Sync permanent state blob upon GET_STATEBLOB cmd#1122
Conversation
ctrlchannel_return_state() reads tpm2-00.permall from disk when handling
GET_STATEBLOB(PERMANENT). At the same time libtpms holds the live
PERMANENT state in RAM and only flushes it via _plat__NvCommit(). If,
for whatever reason, the on-disk state blob is missing, empty or
out of sync relative to libtpms RAM at the moment live migration runs,
an empty or short PERMANENT blob is shipped to the destination, which
results in:
qemu-kvm: tpm-emulator: Setting the stateblob (type 2) failed with a
TPM error 0x800
Regardless of how the desync arose (orchestrator-level cleanup of the state
dir, transient NvCommit failure on a prior receive, etc.), let's add
additional sync as a workaround for such cases. Namely, add
SWTPM_NVRAM_Store_Permanent() that fetches PERMANENT from libtpms via
TPMLIB_GetState() and writes it through SWTPM_NVRAM_StoreData() -
similarly to how it's done for SWTPM_NVRAM_Store_Volatile(). That is to
make sure disk is force-synced from RAM at the migration moment.
Signed-off-by: Andrey Drobyshev <andrey.drobyshev@virtuozzo.com>
|
This state could be easily achieved if we will migrate Win2025 just being installed, f.e. at some installer stage when TPM is not yet initialized for the very first time. |
A migration error should not occur due to the VM that is running, like Win2k25. Have you had such issues with any other workloads or do they all work fine? Does it always happen with Win2k25 or is it 'a live migration failure' that only occurred once or once in a while?
To me it seems that it was an issue with the storage.
|
| /* | ||
| * Flush libtpms's in-memory PERMANENT state to disk so that the next | ||
| * SWTPM_NVRAM_GetStateBlob(PERMANENT) returns a blob consistent with what | ||
| * libtpms is actually running. Counterpart to SWTPM_NVRAM_Store_Volatile(). |
There was a problem hiding this comment.
This makes sense and it shouldn't affect anything negatively. However, I was under the impression that the PERMANENT state was always stored whenever a command 'affected' it, e.g. when an NVRAM space was created or undefined etc., and therefore the latest state was always on disk. So I am a bit surprised that this is necessary and that nobody else complained about it so far.

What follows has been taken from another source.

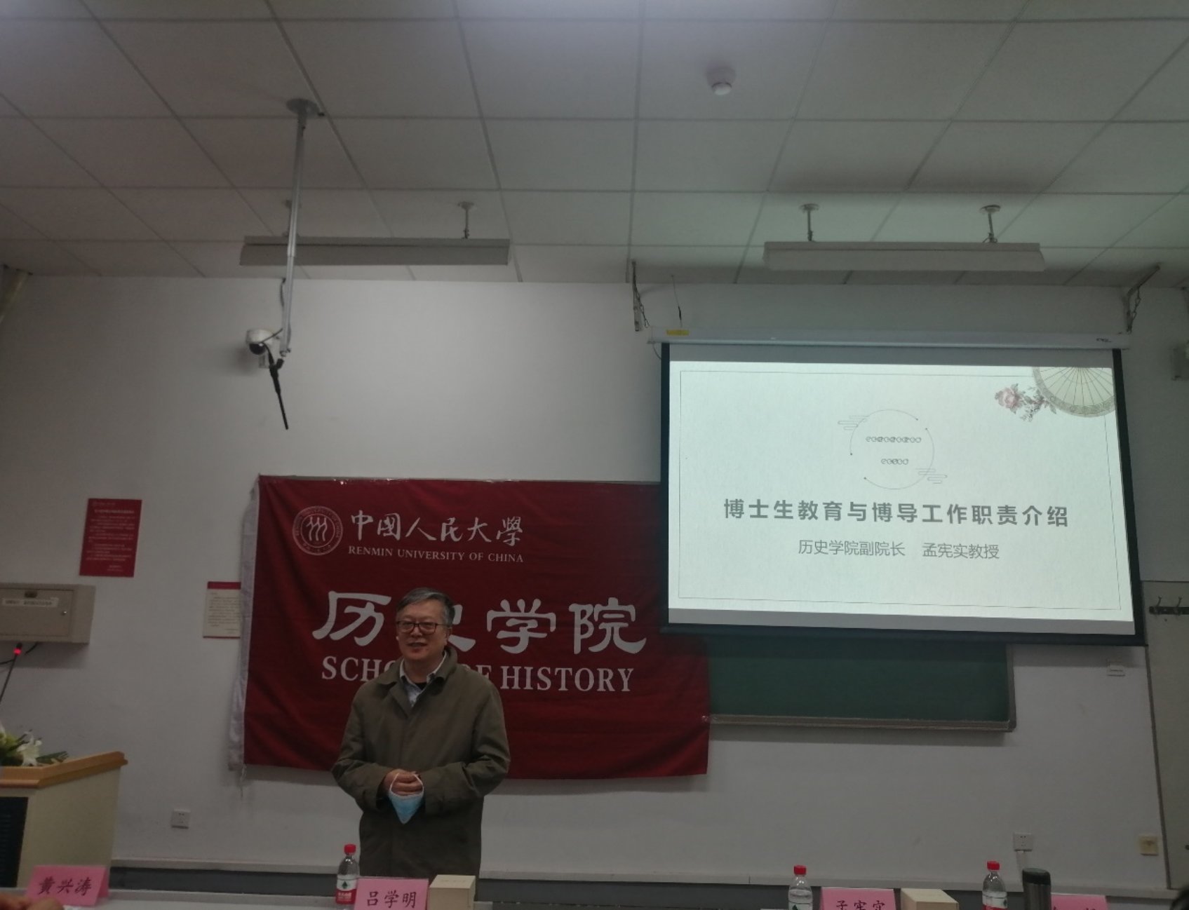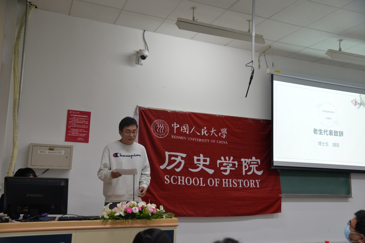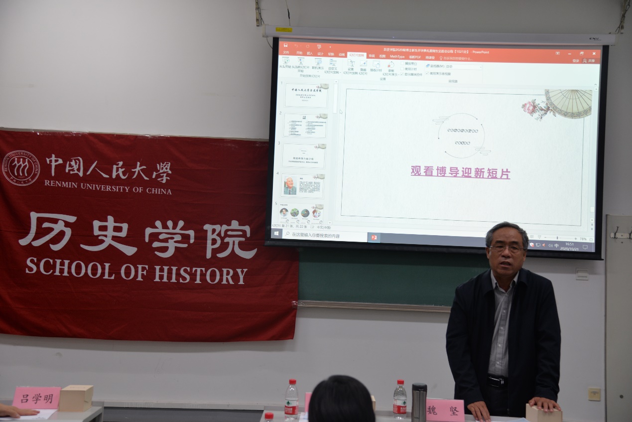到场的博士生导师也即兴表达了对同学们的欢迎并分享了治学体会。考古文博系系主任魏坚教授表示,同学们在历史学科发展迎来最好机遇的今天迈入人民大学这一学术殿堂,希望大家能够肩负责任、努力担当、珍惜时光,将博大情怀注入求学生活,通过学术研究展现五千年文明古国的文化自信,以此彰显中国风格、中国气派,为增进学科影响力添砖加瓦;魏老师勉励同学们在重视理论学习的同时,也要重视社会实践,涉猎多种专业知识,锻炼成“脚底”完美的人。历史系系主任王大庆教授分享了个人求学之路的体会,勉励同学们加强锻炼,以充沛的精力、良好的体魄为学术研究提供强有力的支撑。杨念群教授则鼓励同学们在学术之外寻找诗意生活,以人文情怀滋润学术研究,永葆有情调、不干瘪的人生态度;在书斋内外寻找广阔天地,以通达的心态,提升人际交往能力,不做书呆子,努力做一名与时代需求相契合的复合型人才。

| * libtpms is actually running. Counterpart to SWTPM_NVRAM_Store_Volatile(). | ||
| * | ||
| * Without this, GET_STATEBLOB(PERMANENT) on the migration-out path reads a | ||
| * file that may be missing, empty, or stale relative to libtpms RAM (the |
There was a problem hiding this comment.
You don't happen to have a reproducer for how we could generate a 'missing' or 'empty file' situation other than using rm intentionally, do you?
|
Hello Stefan, I spent some more time trying to reproduce the issue by hand. We thought migrating a VM before the guest OS is able to send any TPM related commands might be it. I tried Win11 during installation, then empty VM booted into UEFI shell - no luck. The reason is because the state is being created before VM is even launched by So I still don't have a solid reproduce for this, except for doing manual |
Thanks for running some more tests. My point is that it shouldn't be necessary because whenever a command is sent to the TPM 2 that alters its permanent state then the permanent state should be written to disk automatically. If this wasn't the case then we would have to have it write its state to disk every time we shut it down as well... |
We've seen a live migration failure in production, with Win2k25 guest, with the following symptoms:
QEMU dest log:
swtpm dest log:
The root cause is not perfectly clear, either orchestration layer left the blob out of sync, or some kind of storage error occured when the blob was initially written on the src node. Either way, I suggest an additional sync for the permanent state blob as a potential workaround for such errors, similar to how it's done with volatile state.